*Record excerpts*:
=== Begin Enclosure ===
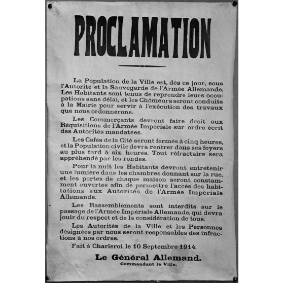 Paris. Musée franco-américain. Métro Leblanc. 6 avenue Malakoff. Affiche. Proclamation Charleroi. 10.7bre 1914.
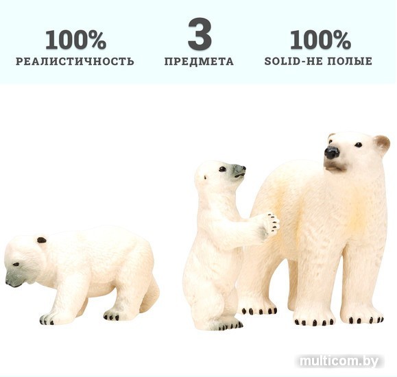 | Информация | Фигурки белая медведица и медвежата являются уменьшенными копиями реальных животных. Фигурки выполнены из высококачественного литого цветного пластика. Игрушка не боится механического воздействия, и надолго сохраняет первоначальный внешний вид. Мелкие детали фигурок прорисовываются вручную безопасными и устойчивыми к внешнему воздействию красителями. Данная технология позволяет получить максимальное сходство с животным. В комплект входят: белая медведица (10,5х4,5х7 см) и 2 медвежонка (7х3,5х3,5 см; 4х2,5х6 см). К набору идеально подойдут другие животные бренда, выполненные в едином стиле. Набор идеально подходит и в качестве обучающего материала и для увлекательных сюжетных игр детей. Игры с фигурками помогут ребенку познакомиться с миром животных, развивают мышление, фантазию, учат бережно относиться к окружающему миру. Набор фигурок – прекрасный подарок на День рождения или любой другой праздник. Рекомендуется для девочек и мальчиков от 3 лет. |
=== End Enclosure ===
=== Begin Enclosure ===
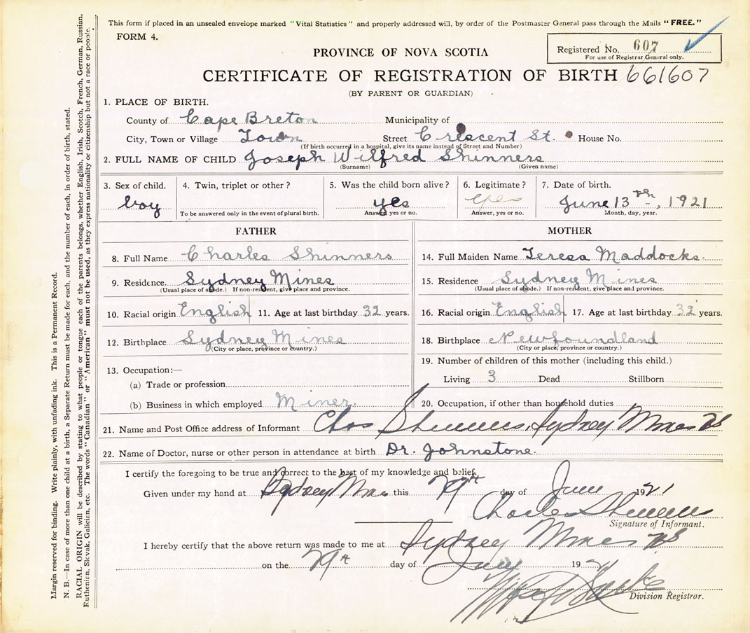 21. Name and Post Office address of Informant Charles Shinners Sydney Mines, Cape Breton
=== End Enclosure ===
=== Begin Enclosure ===
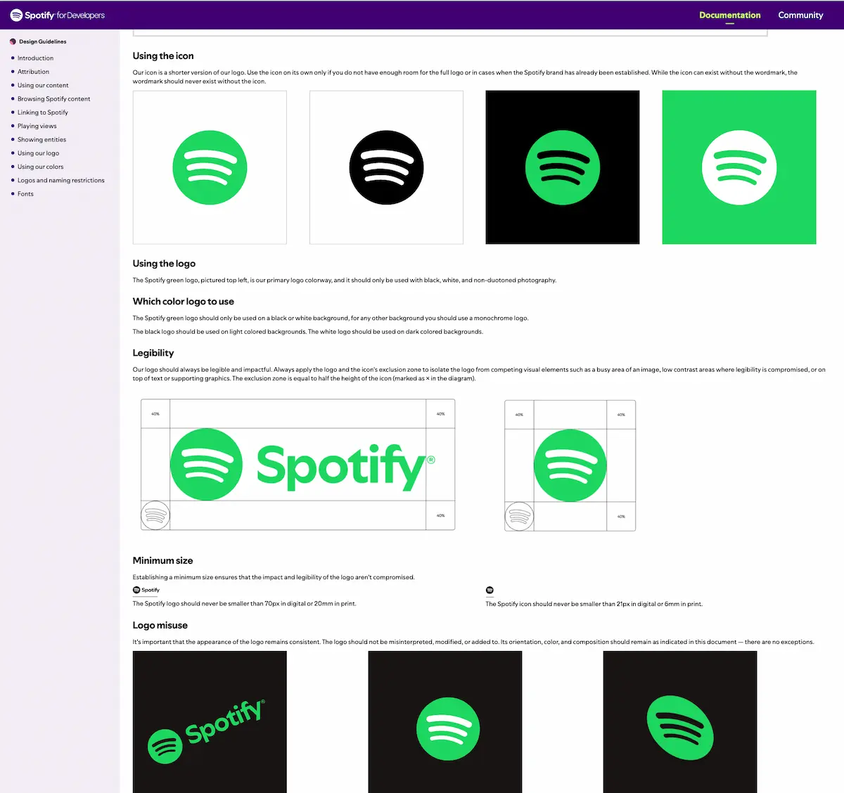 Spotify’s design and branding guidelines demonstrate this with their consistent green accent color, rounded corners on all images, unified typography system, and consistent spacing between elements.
=== End Enclosure ===
*What the task requires*: Each line between the one holding "Paris. Musée franco-américain." and the one holding "от 3 лет. |", inclusive, should be copied exactly as it appears above, and pictures should be omitted.

*Response to this exercise*:
 Paris. Musée franco-américain. Métro Leblanc. 6 avenue Malakoff. Affiche. Proclamation Charleroi. 10.7bre 1914.
 | Информация | Фигурки белая медведица и медвежата являются уменьшенными копиями реальных животных. Фигурки выполнены из высококачественного литого цветного пластика. Игрушка не боится механического воздействия, и надолго сохраняет первоначальный внешний вид. Мелкие детали фигурок прорисовываются вручную безопасными и устойчивыми к внешнему воздействию красителями. Данная технология позволяет получить максимальное сходство с животным. В комплект входят: белая медведица (10,5х4,5х7 см) и 2 медвежонка (7х3,5х3,5 см; 4х2,5х6 см). К набору идеально подойдут другие животные бренда, выполненные в едином стиле. Набор идеально подходит и в качестве обучающего материала и для увлекательных сюжетных игр детей. Игры с фигурками помогут ребенку познакомиться с миром животных, развивают мышление, фантазию, учат бережно относиться к окружающему миру. Набор фигурок – прекрасный подарок на День рождения или любой другой праздник. Рекомендуется для девочек и мальчиков от 3 лет. |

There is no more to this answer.